Thursday, May 2, 2013

A Feel for Art

On a recent morning I visited the Vermont Association for the Blind and Visually Impaired. I attend their Peer Assisted Learning and Support (PALS) group in South Burlington a couple of times per year to talk about our Art at Hand tours and encourage their participants to visit Shelburne Museum. I always bring a hands-on art project based on the Museum's collections.
This most recent craft was inspired by the Stencil House. I have been been studying Stencil in preparation for our new gallery talk, Exploring Colonial Revival: Prentis and Stencil Houses, which debuts when the Museum opens to the public on May 12th. Wall stencils, painted by itinerant artists who traveled from town to town and worked on commission, were popular decorative features in American homes from approximately 1815 to 1840. Much of the painting in the Stencil House parlor is original, having been stenciled in the 1830s and cleaned in an extensive 1999-2000 conservation project.
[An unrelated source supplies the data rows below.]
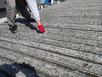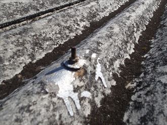 千葉市|倉庫の大波スレート屋根、フックボルトからの雨漏り
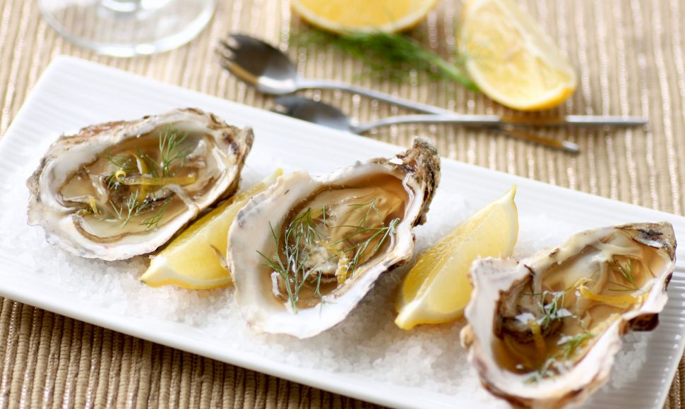 Placez les huîtres dans un plat ; pour ne pas qu'elles ne bougent dans le plat, calez-les sur un lit de gros sel. Parsemez de quelques pluches d'aneth et de zeste de citron. Laissez reposer au frais pendant 2 heures avant de servir à l'apéritif. Pour une présentation plus chic, dressez les huîtres en gelée dans des coupes à champagne.
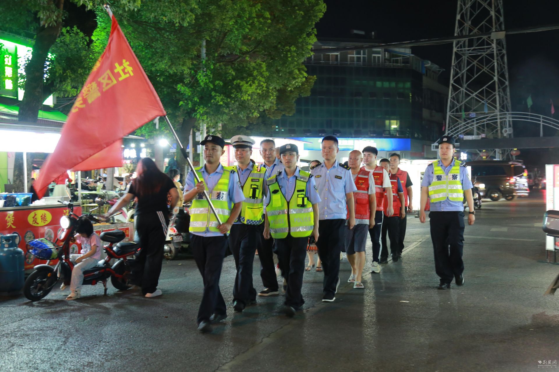 荆楚网(湖北日报网)讯(记者 白云 实习生 潘妍 通讯员 周剑波 舒星)夜幕下的夜市摊点,是城市在经历白天辛劳之后的温暖与慰藉。黄陂区公安分局前川街环城派出所民警王一为每晚八点都会组织“环城义警”在潘家田夜市开展夜巡,守住这人间烟火气。在街边路灯和炉火的映衬下,“警察蓝”与“义警红”交织成了新时代的美丽“枫”景。

Stencil House Parlor, Photograph by J. David Bohl
Stencil House Fireplace, Photograph by J. David Bohl
After introducing the house and describing in detail the stenciling above the fireplace in the parlor (see above), I oriented the PALS group to their art materials. Chalk pastels, which feel dry and powdery, are easy to blend. Oil pastels are waxy, like crayons. The pastel paper we drew on had some texture to hold the pigment. I also brought a variety of stencils in different shapes; animal, vegetable, mineral, we had it all.
Most of the folks who attend the PALS group have age-related vision impairments, such as macular degeneration or cataracts. They are not totally blind, and for the most part they do have a sense of light and color. Even so, the creative process is challenging. One participant, Jerry, said that though he'd never tried drawing, "recently I've been trying a lot of new things I've never done." Historically, people who are blind or visually impaired have felt alienated by the art world. We at Shelburne Museum are excited to play a small part in turning those perceptions around.